Records from a dataset:
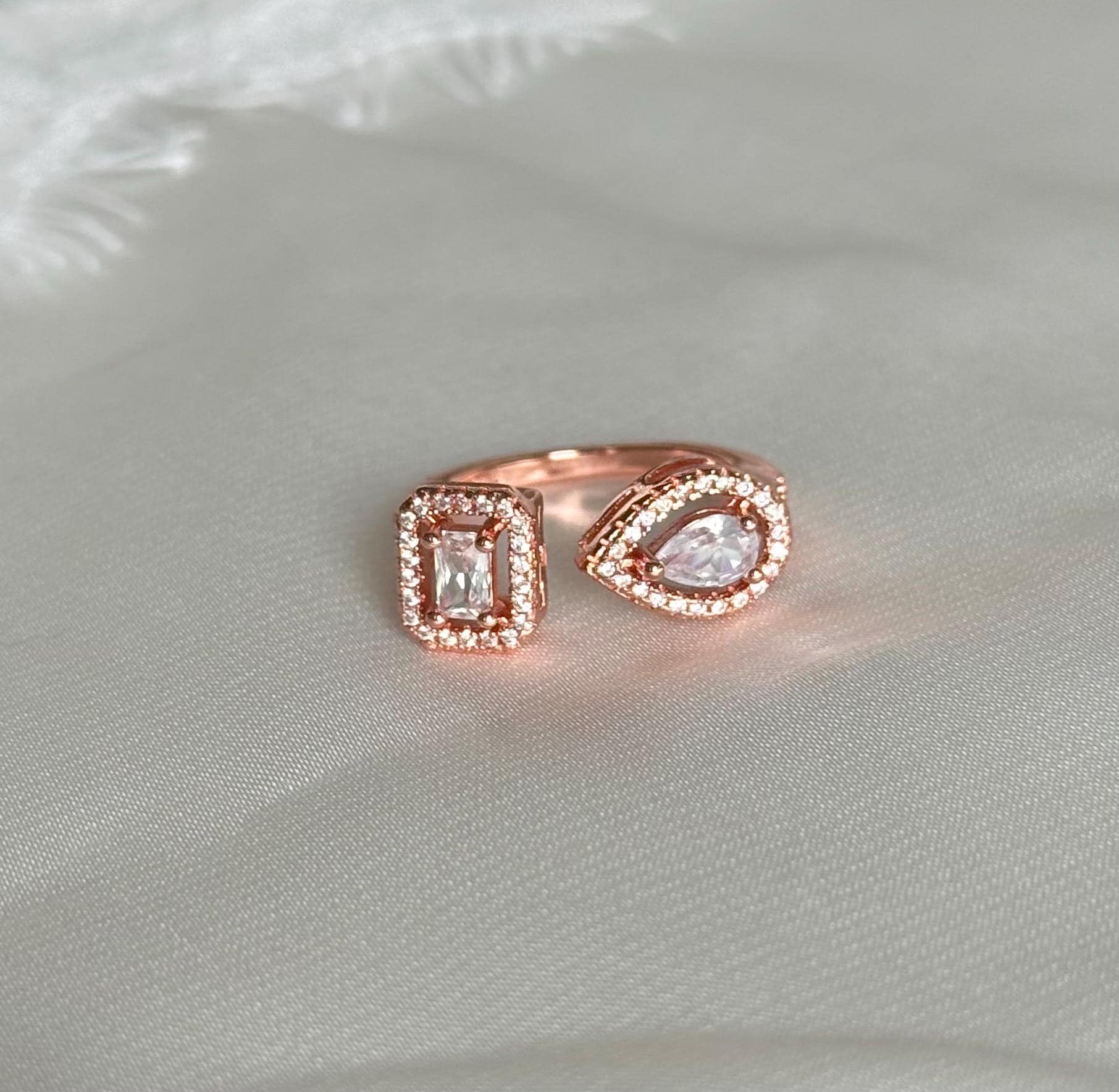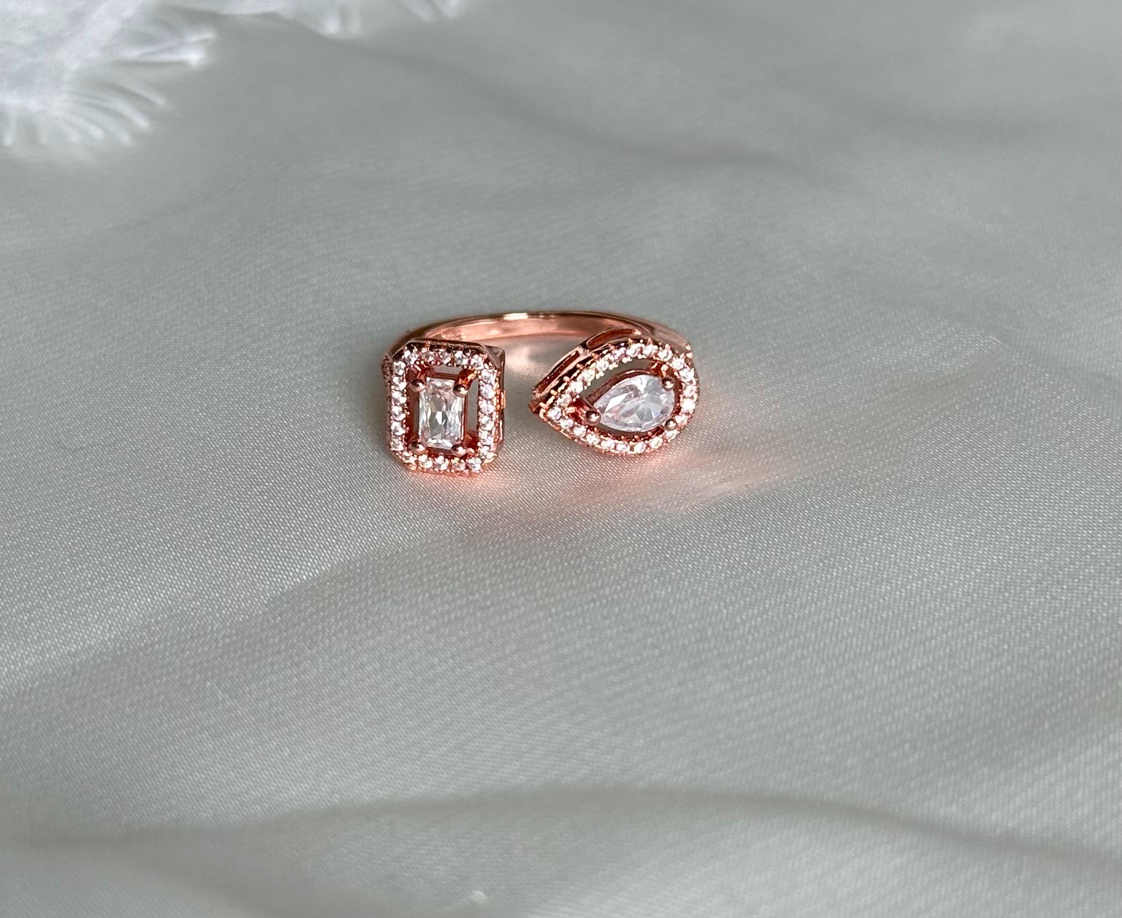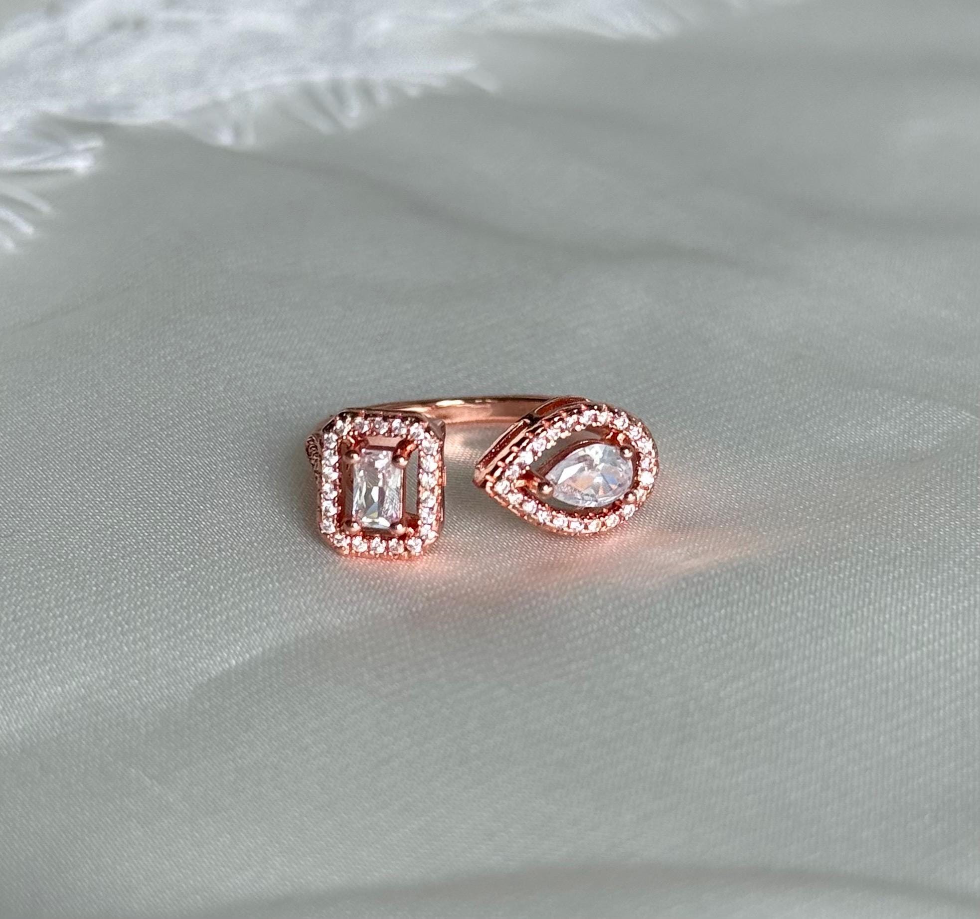 Key features: - Materials: High-quality cubic zirconia set in a silver-tone finish with rose gold accents - Design: Open, adjustable band for a comfortable fit - Stones: Pear-cut and emerald-cut cubic zirconia, surrounded by clear halos for extra sparkle - Dimensions: Perfect for stacking or wearing alone for a sleek, modern look - Care: Avoid contact with harsh chemicals; clean with a soft cloth to maintain brilliance
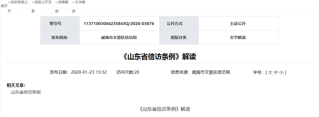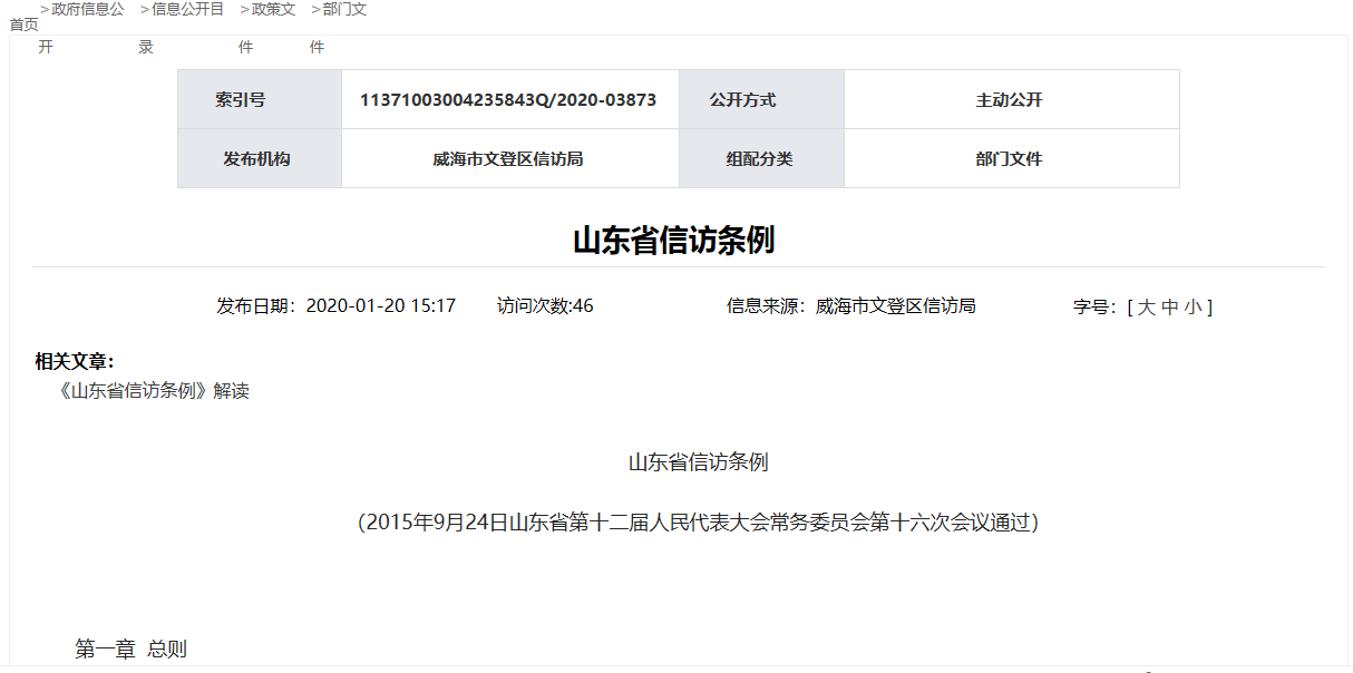 根據(jù)《中華人民共和國政府信息公開條例》(以下簡稱《條例》)和《山東省政府信息公開辦法》(以下簡稱《辦法》)的規(guī)定要求,現(xiàn)公布威海市文登區(qū)信訪局2020年度政府信息公開工作報告。
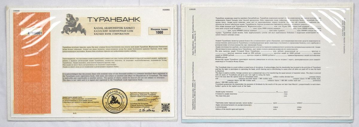 Kazakhstan. 1993, Obverse and reverse pair of composite essays / models of stock certificate for TuranBank Open Joint-Stock Company. TuranBank OJSC which is a Kazakh Bank Corporation that provides various banking products and services to corporate and retail customers in the Kazakhstan, Azerbaijan, and other places. Each of the two pieces is mounted on a bifold card folio. S/N A000001, About to Choice UNC. Unique.
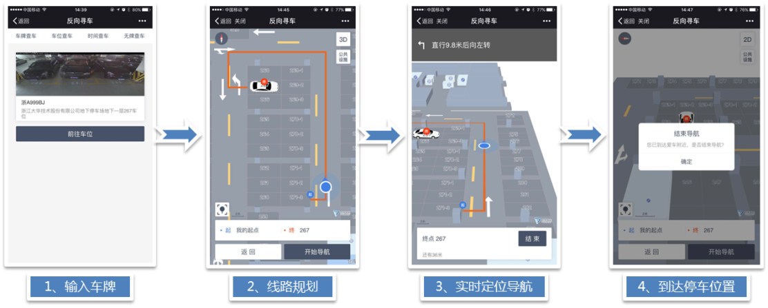 可視化反向?qū)ぼ?,支持按車牌號、進場時間段、無牌車、車位號快速尋車,節(jié)約車主尋車時間;iBeacon(藍牙)定位系統(tǒng),實現(xiàn)實時定位導航尋車,尋車體驗更佳。
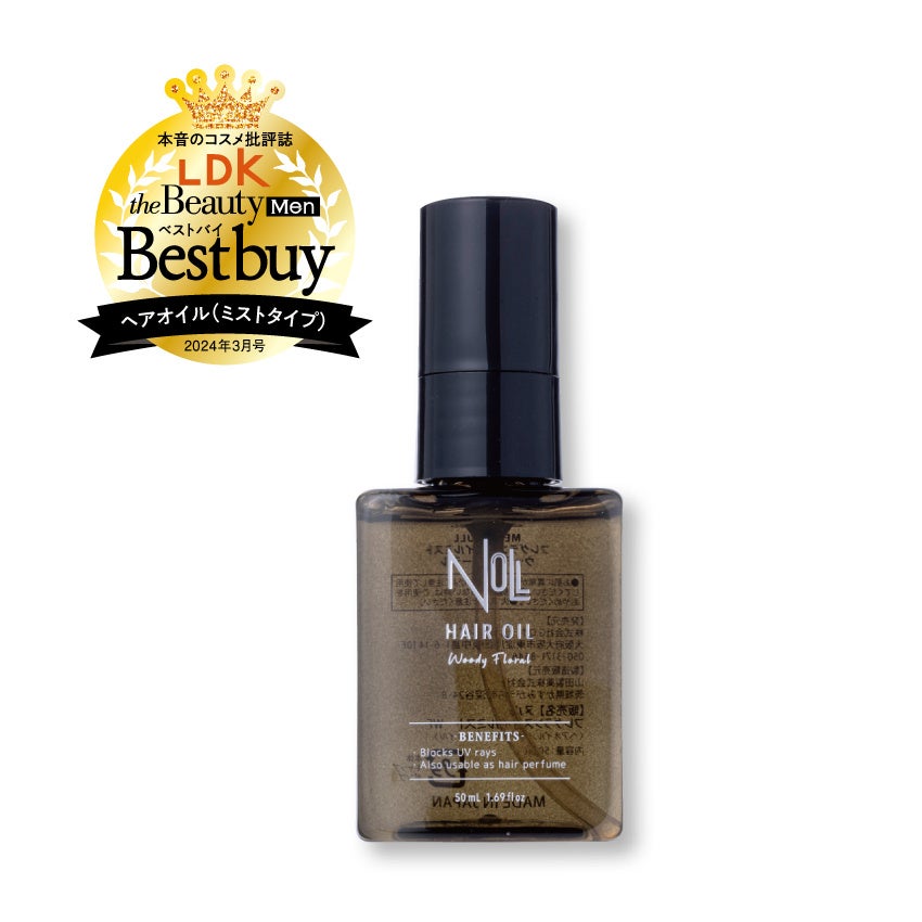 すべての検証で最高得点を出し、堂々ベストバイに! 髪を乾かした後はふんわり、翌朝の状態はサラサラしていてモニターから大好評! 髪が扱いやすくてスタイリングしやすいとの声も多数ありました。金木犀のほのかな香りもキツすぎず甘すぎないと高評価です。優れた保湿&補修成分も入っていて、ドライヤーでブローすることで、より扱いやすい髪質へと導いてくれます。髪のプロも一般男性も太鼓判を押した、最強のヘアオイルと言えるでしょう!
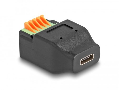 Ez a Delock sorkapocs-adapter csupasz vezetékek csatlakoztatására használható szerszám nélkül, és csatlakoztatható USB Type-C eszközökhöz. Műszaki adatok Csatlakozó: 1 x USB Type-C 2.0 anya 1 x 5 tűs csatlakozóblokk Vezetékek középvonala közötti távolság: 2,54 mm Készült: műanyagból Szín: fekete / zöld Méretek (HxSzxM): kb. 34,2 x 22,5 x 17,0 mm Rendszerkövetelmények Egy szabad USB Type-C csatlakozódugó A csomag tartalma Adapter Csomag Zárható műanyag tasak Gyártó: Delock
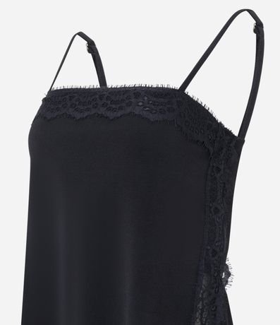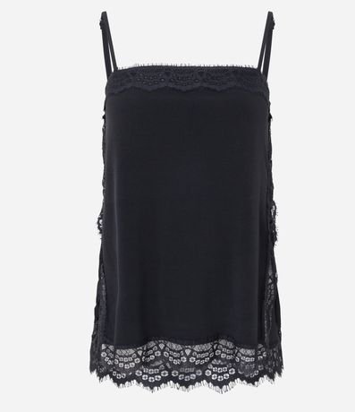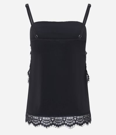 Ref: Blusa em crepe com alças finas e decote quadrado. Possui renda aplicada nas laterais e na barra, trazendo delicadeza e um toque sofisticado ao visual. Modelo leve e versátil para compor produções casuais ou noturnas com elegância.
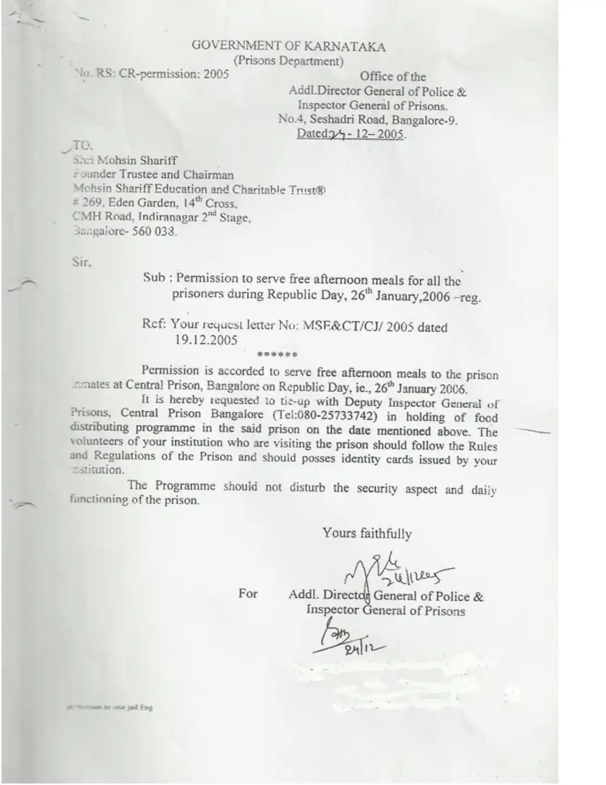 Central Jail programme – january 30, 2006
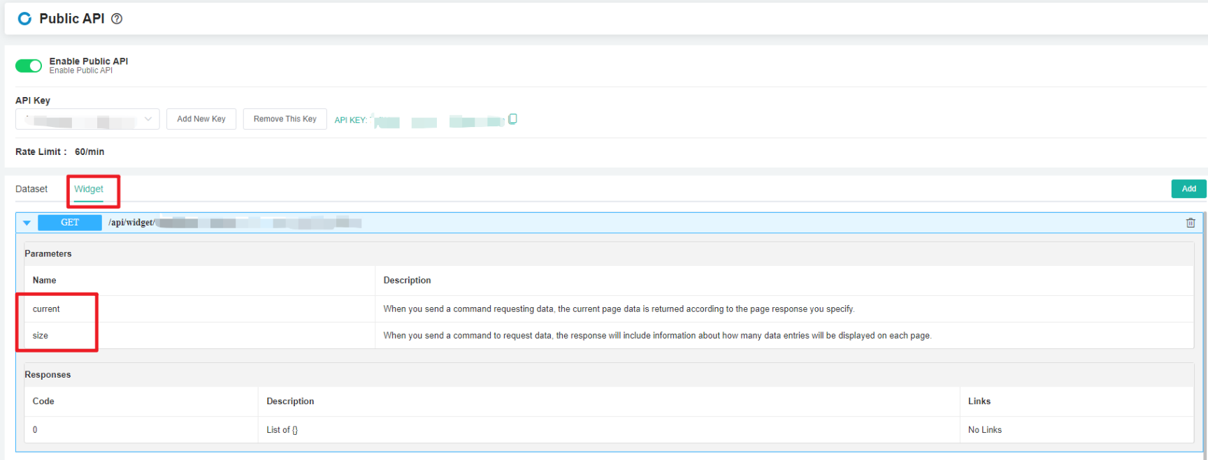 - Go to the Public API tab, click Widget, and hit the Add button.
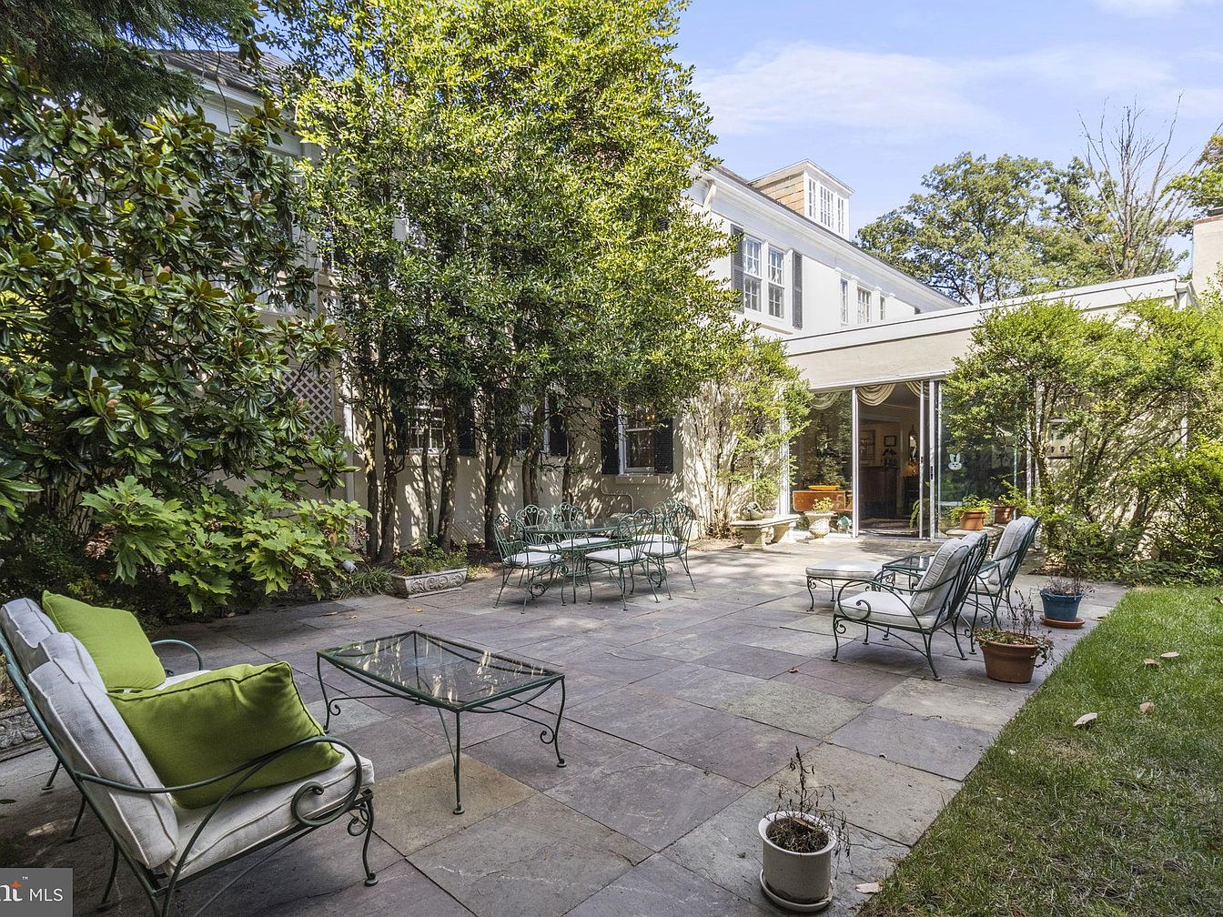 Spacious stone patio with elegant wrought iron furniture arranged for conversation, featuring a glass-topped coffee table and cushioned chairs accented with vibrant green pillows. The area is surrounded by lush, mature landscaping, including leafy shrubs and tall trees that provide partial shade. The patio opens to a view of a historic white-painted house, which has large windows and a sunroom with classical architectural details. Several potted plants line the edge of the patio, adding a casual, lived-in look. The overall mood is tranquil, blending natural greenery with the home’s stately exterior.
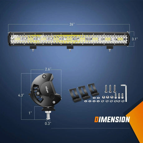 $74.99Unit price /Unavailable26 Inch 540W 50000LM Triple Row Spot Flood LED Light Bar | 14AWG Wire 5Pin Switch
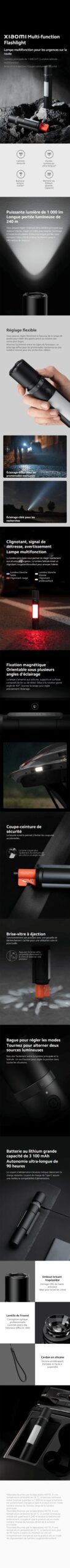 La lampe s’aimante aux voitures, supports et surfaces composés de fer ou de nickel. Grâce à la rotation grand angle de 107°

*Problem*
No pictures should appear in the copy. Reproduce exactly the lines from the line containing "Wire 5Pin Switch" through the last line of the data, inclusive.

*Solution*
 $74.99Unit price /Unavailable26 Inch 540W 50000LM Triple Row Spot Flood LED Light Bar | 14AWG Wire 5Pin Switch
 La lampe s’aimante aux voitures, supports et surfaces composés de fer ou de nickel. Grâce à la rotation grand angle de 107°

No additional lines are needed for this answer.